Subcontinental wickets tend to either favour batsmen or spinners; seldom has a track, in Asia, been known to help fast bowlers. As on Indian pitches, fast bowlers in Sri Lanka have had the job of coming in and taking the shine off the cherry before handing it over to the wrist spinners. Vaas, for a long while, has been Muralitharan’s ally and the two have shouldered the burden for more than a decade now.
Needing two wickets before the start of the one-day series to join the 400-club, Vaas, who took one in the first game at Dambulla, reached the coveted milestone in the fourth match, getting rid of Yuvraj Singh in his seventh over.
From Arjuna Ranatunga down to Mahela Jayawardene, the left-armer has been his captain’s trusted lieutenant and has soldiered on admirably under trying conditions.

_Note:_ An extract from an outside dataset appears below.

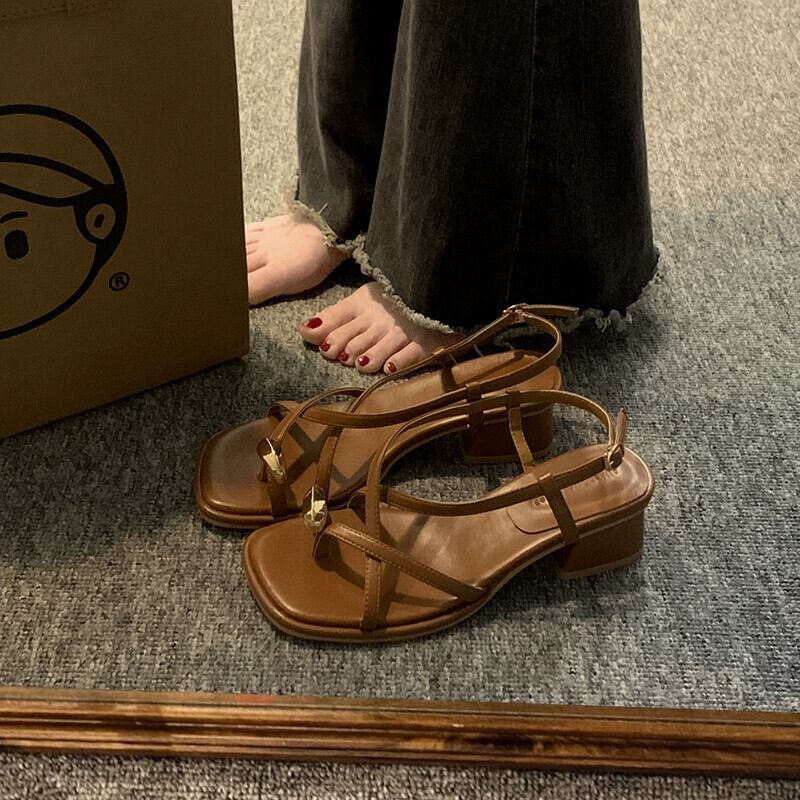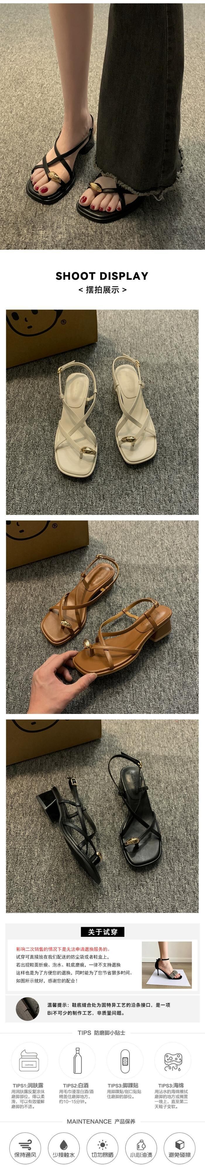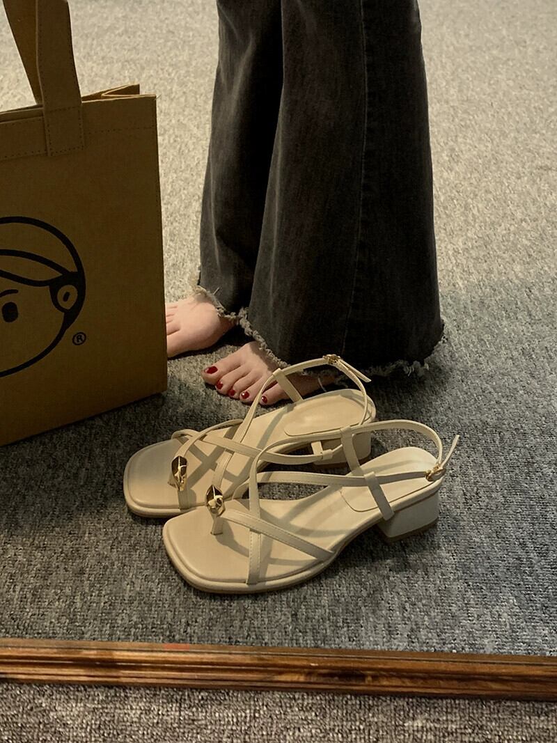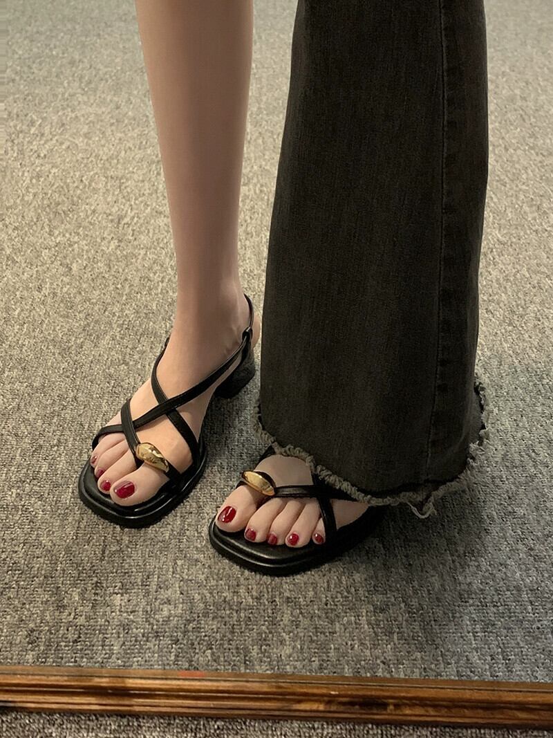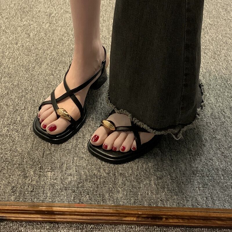 Jia Bujia Roman 靴の女性の 2024 春インターネット有名人レトロメタルフレンチ厚いヒールサンダル シューズ スプリング 春物 jxjxf4822872937

Responding to his skipper’s call, whenever it was needed, Vaas, in an illustrious career spanning more than 14 years, has more often than not provided his team with the breakthroughs. He may not have reaped the rewards that Muralitharan, with 756 sticks, has achieved in Tests, but Vaas’s 348 victims in the longer version of the game, has, without doubt, been one of the success stories for the Lankans.
Vaas does not enjoy the cult status that is associated with Muralitharan but then the left-armer isn’t one to complain. At 34, Vaas may have played the best of his cricket but there is no gainsaying that he will continue for a year at least, provided he remains injury-free. True, he has cut down in pace, but that is only to be expected in such a long career.
For Vaas, it isn’t about pace anymore; deceiving the batsmen with variations is what the bowler is all about as Yuvraj will readily testify. The left-hander misjudged a ball that stopped on him and spooned it to Jayawardene at short-midwicket even as Vaas closed his eyes and savoured the moment. The Lankan truly deserves it.